O município de Tucuruí é recheado
de atrativos naturais, ideais para o lazer de quem visita o lugar. Existem inúmeras
praias do rio Tocantins, algumas não exploradas e nos rios e igarapés dos afluentes do
Tocantins existem corredeiras e cachoeiras.
Além disso, o potencial pesqueiro do município é imenso, tanto para a pesca
profissional como para a amadora e principalmente, para a pesca esportiva que atrai
centenas de pessoas todos os anos à Tucuruí. O imenso Lago Artificial formado ao se
barrar o rio Tocantins e encher 2.430 km2, é composto de 1.600 ilhas.

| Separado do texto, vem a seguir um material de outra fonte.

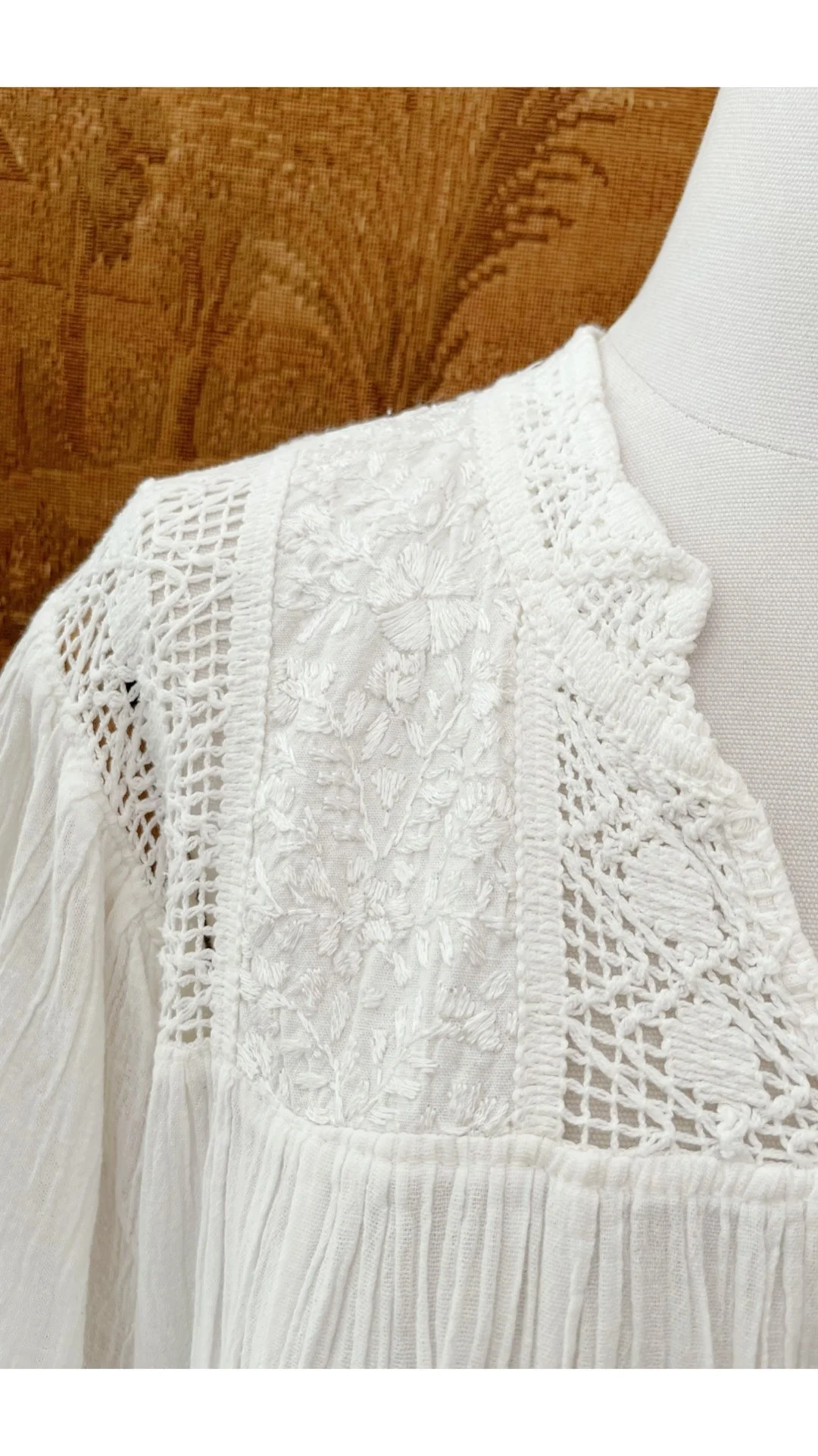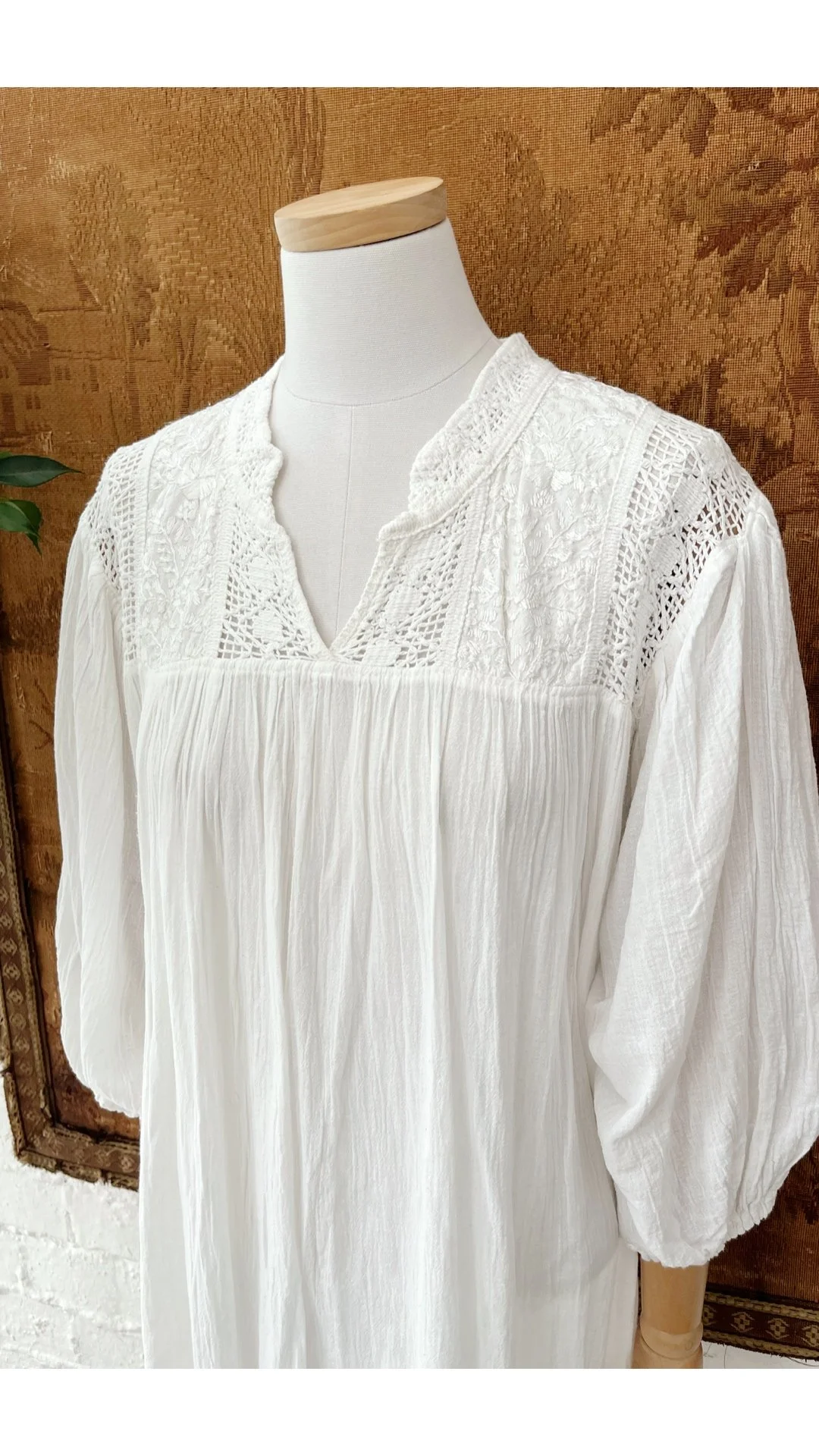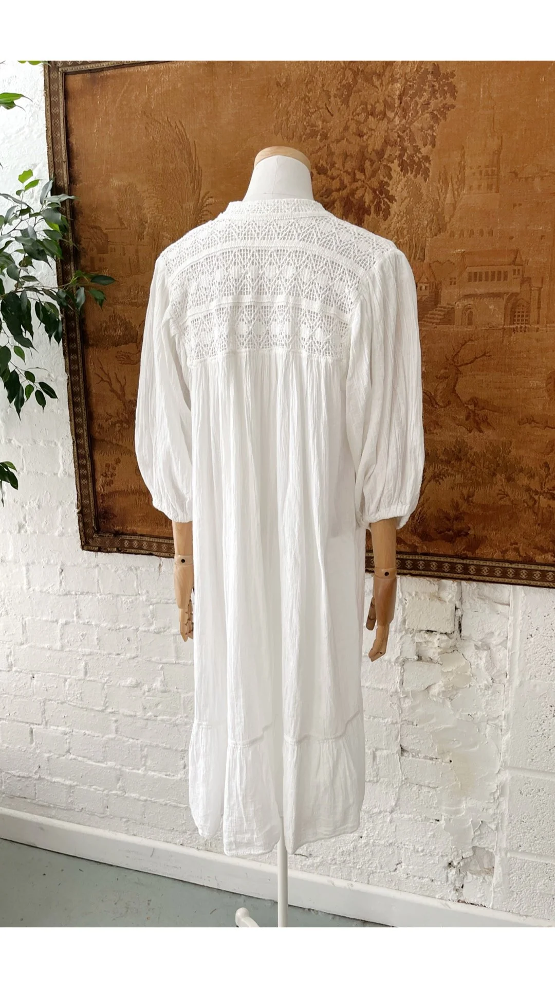 Lovely 1980s white cotton gauze smock dress. Midi in length with very pretty embroidery & crochet detail to the yoke & 3/4 ballooned sleeves. Size 10-16.

Hoje são necessários 35 dias para que toda a água do lago da Usina Hidrelétrica
Tucuruí, um total de 45,8 bilhões de m3 seja renovada. Assim, houve condições
propícias e ideais para a proliferação de muitas espécies, entre elas destacam-se:
pirarucus, traíras, manjubas, maparás, filhotes, douradas, surubins, arraias e até
poraquês (o peixe elétrico da Amazônia). No entanto, foi o Tucunaré, um dos peixes
esportivos mais cobiçados de todo mundo, que encontrou excelente ambiente para reproduzir
em toda a extensa área do Lago.
Outro grande atrativo do município de Tucuruí são os parques e as áreas de reserva
ambiental. Hoje, existem muitas áreas de reservas, localizadas nas inúmeras fazendas da
região que estão se tornando áreas particulares. No entanto, existe uma grande área
natural preservada do município que é a reserva dos Índios Assurini, localizada a 18 Km
da sede de Tucuruí, na Rodovia Transcametá. Essa extensa área de reserva é atravessada
pelo o rio Trocará.
Bases de Soltura Em Tucuruí
é possível ver de perto espécies como o jabuti, macaco guariba, macaco prego, veado
mateiro, cutia, jacu, mutum, nambu, sagui, quatipuru, macaco mão de ouro, macaco cuxiú e
preguiça que foram capturadas e agora vivem em bases de soltura, criadas em 1984, para
inventariar e buscar alternativas de salvamento para a fauna que habitava o reservatório
da hidrelétrica.
A captura desses animais aconteceu através da "Operação Curupira" (nome de
uma entidade mitológica da Amazônia, que com seus pés para trás consegue enganar os
inimigos da floresta) desenvolvida sob a coordenação do INPA, pesquisadores e técnicos
do Museu Paraense Emílio Goeldi (MPEG), Universidade Federal do Pará (UFPA), Instituto
Evandro Chagas (IEC), Centro Nacional de Primatas (CENP) e o Instituto Butantã, com apoio
logístico da Eletronorte. Foi realizada uma varredura nos 2.430 km quadrados do
reservatório que conseguiu resgatar quase 100 mil animais, que buscavam refúgio nas
árvores e nos pontos mais altos, e encaminhar 2 mil para instituições de pesquisa. O
restante foi solto nas ilhas onde foram instaladas as bases de soltura.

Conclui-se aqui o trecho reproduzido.